Business

Crocs struggles for sales, considers going private

Business at Crocs has hit the rocks — and now the company is on the block.

The embattled footwear maker, whose neon-hued clog business has been down at the heels due to dwindling demand, has been in talks to go private with a number of buyout firms, including KKR and Blackstone Group, according to sources.

Nevertheless, the talks recently stalled as Crocs demanded a higher price than bidders were willing to pay, insiders said.

As such, it’s not clear whether a deal will happen.

Other possible strategic alternatives include a sale of a minority stake or a joint venture, according to banking sources.

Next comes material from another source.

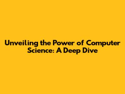 Unveiling The Power Of Computer Science: A Deep Dive

“Upon close inspection, the company’s books may be even less attractive than its shoes,” quipped one banker. “Sales have been in free fall for a while now, and it’s an open question whether Crocs isn’t just a fad that has faded away for good.”

Crocs shares surged 9.8 percent to $13.89 Wednesday after the Wall Street Journal reported a possible buyout, giving the company a market capitalization of $1.3 billion.

Still, that’s a small fraction of Crocs’ peak stock price, which in 2007 had hovered briefly near the $70 mark, valuing the company at more than $5 billion as a craze for the spongy shoes made them seemingly ubiquitous among kids and their parents.

Crocs has scrambled to counter cratering demand for its clogs by expanding into wedges and sandals, but the strategy has yet to gain traction.